04 November 2008

Two Paper Bags Please, In Case One Breaks



Sometimes it’s nice to limp through life without having certain aspects of your existence confirmed by professionals. 

Australian men make a habit of this by not going to the doctor. I’m not advocating that though. I say, go, get your heart and your other bits checked. Stop leaving your dependants in the lurch by suddenly dropping off the twig in the middle Martin Place, clutching a half-eaten ham sandwich and a mobile phone that continues to say, “Larry? Are you there?” as your eyes turn up into your head.

Still, there are other things that it is not important to know. How many times your lover has cheated on you is one of those things, I reckon. Don’t tell me - I don’t want to know. If I haven’t twigged, and you haven’t given me any diseases, my life is not improved by being in full command of the facts.

Another of those non-life-threatening facts that can be happily avoided is where exactly you sit on the beauty spectrum, particularly if you occupy anywhere between ’fugly’ and ’half-sucked-mango’. 

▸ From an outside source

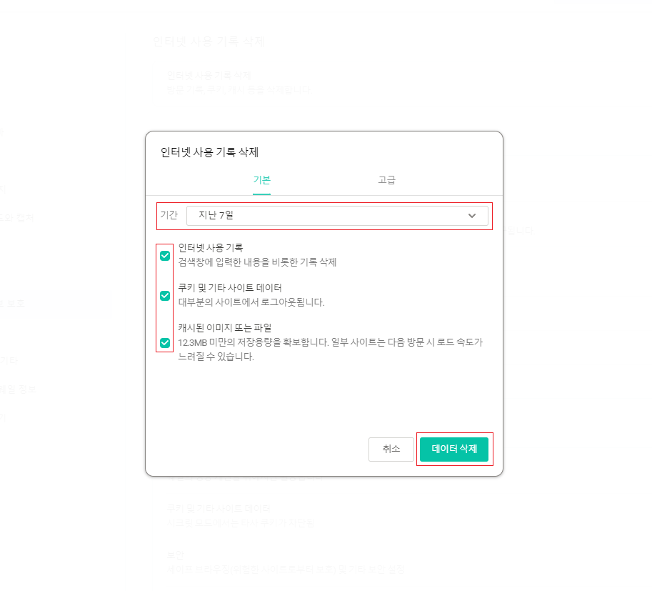 3. 기간선택후 > 아래 이미지와 같이 모두 체크 후 인터넷 사용 기록 삭제 클릭

I have always been aware that I am no oil painting. People do not run from the room screaming, and I have other personality traits to help me grease the wheels of human interaction too, so I’m not crying poor. But I have had a couple of knocks over the years that tested the leatheriness of my skin.

As a 19-year-old, I accidentally overheard my girlfriend’s grandmother and mother in conversation, just after Granny had met me for the first time.

“He’s a handsome boy, isn’t he?” says the presumably short-sighted biddy.

“In an off-beat kind of way,” answers slightly better-sighted and pragmatic Mother.

I’m of an age where I’ve had enough license and ID photos taken to confirm that it’s not just a couple of ‘off ones‘… that’s how I actually look. On top of not being photogenic, I can’t smile. I’m not a natural smiler. I have no experience at holding a smile. My face looks odd doing it. I laugh a lot and I’m not an unhappy person, but the default setting on my face is not with a grin. 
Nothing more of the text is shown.